8 Апреля, 2013, Беседовал Геннадий Кацов

Максим Д. Шраер с дочерью Ильи Сельвинского, художником Татьяной Сельвинской. Симферополь. Дом-музей И. Л. Сельвинского. Декабрь 2011 г.

Максим Д. Шраер с дочерью Ильи Сельвинского, художником Татьяной Сельвинской. Симферополь. Дом-музей И. Л. Сельвинского. Декабрь 2011 г. Фото из архива Максима Д. Шраера

В Бостоне в апреле 2013 года вышла новая книга писателя и литературоведа, профессора Бостонского Колледжа Максима Д. Шраера. Книга называется «I SAW IT: Ilya Selvinsky and the Legacy of Bearing Witness to the Shoah».

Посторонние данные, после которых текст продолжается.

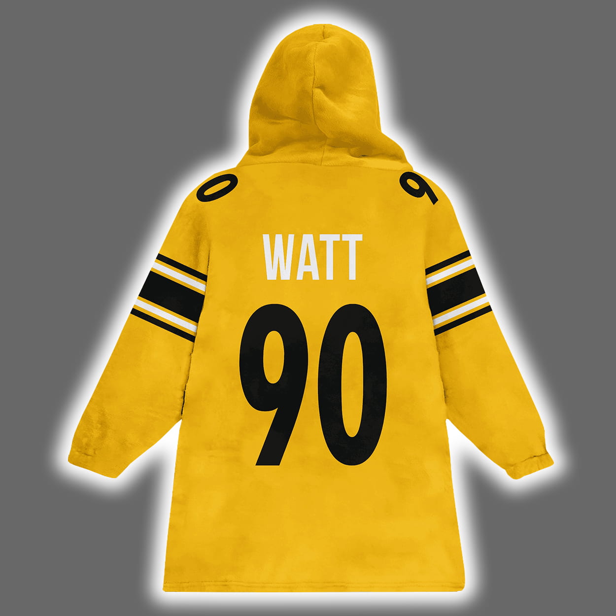 Wrap yourself in Pittsburgh pride with the Watt 90 Pittsburgh Football The Terrible Blanket Hoodie — a bold fusion of football fandom and cozy comfort, designed for those who live loud and lounge louder.

Максим, могли бы вы в одном предложении сказать, о чем ваша новая книга?
Моя книга о том, как еврейско-русские поэты, прежде всего Илья Сельвинский (1899-1968), оказались общенародными свидетелями Шоа (Холокоста) на оккупированных советских территориях, и о том, как в СССР стихи препятствовали замалчиванию и уничтожению памяти о Холокосте. 

Ваша книга «I SAW IT»/«Я ЭТО ВИДЕЛ» — биографическая работа?
В книге исторические изыскания и биографические выкладки сочетаются с литературоведческим и культурологическим анализом. Мне хотелось, чтобы при этом книга читалась как документальный роман о войне и Катастрофе, о невероятно сложной судьбе еврея-поэта-солдата, о поэзии и правде в условиях тоталитаризма.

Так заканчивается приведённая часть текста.